Tesco has predicted average rises of 5 per cent – with much bigger increases feared on some meats – and is stockpiling non-fresh food, to prepare for disruptions to supplies.
But Mr Raab said he was “not concerned” about the impact on shoppers, arguing higher tariffs were “a very minor proportion of what goes into food prices” and 50 per cent of supplies were domestic.
Any price hikes would be “very much at the margin” and other future free trade deals would create “opportunities in other areas to reduce food prices over the medium term”, the Foreign Secretary argued.
“We've got quite diverse food supply food supply chains,” Mr Raab told BBC Breakfast, adding: “I'm not concerned about either the supermarket cupboards running bare, or the cost of food prices.
“Equally, there will be some bumps along the road if we don't get the free trade deal – that's the inevitable consequence of change – but we'll be well braced and well prepared to deal with those.”
On Tesco’s warning of 5 per cent price hikes, he said: “I don't think that's the figure that we recognise” – but failed to provide a different one.
Carrying on into next week – with deadline of 31 December for crashing out of the transition period then little more than two weeks away – was “unlikely, but I can't rule anything out”.
Later, in a separate interview, the Foreign Secretary called Sunday “a moment of finality”, but denied it was a firm cut-off date – adding one could “never say never”.
He also revealed he had not spoken to the prime minister since he returned from the Brussels dinner, despite being his deputy and being sent out for morning interviews.
The talks remained mired in deep disagreements over fair competition rules, fishing rights and how to police any deal, despite months of negotiations.
Ms von der Leyen said the two sides were still “far apart”, while Downing Street said “very large gaps remain”.
In no-compromise comments, Mr Raab vowed the UK would not “sacrifice” its ability to control fishing waters and laws on standards to achieve a trade deal with the EU.

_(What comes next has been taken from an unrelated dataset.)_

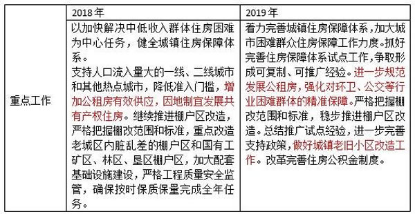 解讀:與2018年相比,此次會議中將租賃住房分成了市場化租賃和政策性租賃兩個(gè)領(lǐng)域。其中,政策性租賃住房首次提到。

“No other country would accept that and nor would the EU in terms of its dealings with third countries,” he said – insisting the UK had shown “pragmatism” during the negotiations.
“On the fisheries, we've accepted that there needs to be some sort of transitional period but we must be able to control access to our own waters,” Mr Raab said.
Insisting the UK was “not going to be treated...in a way that no other country would accept,” he added: “It's about some basic respect for democratic principles.”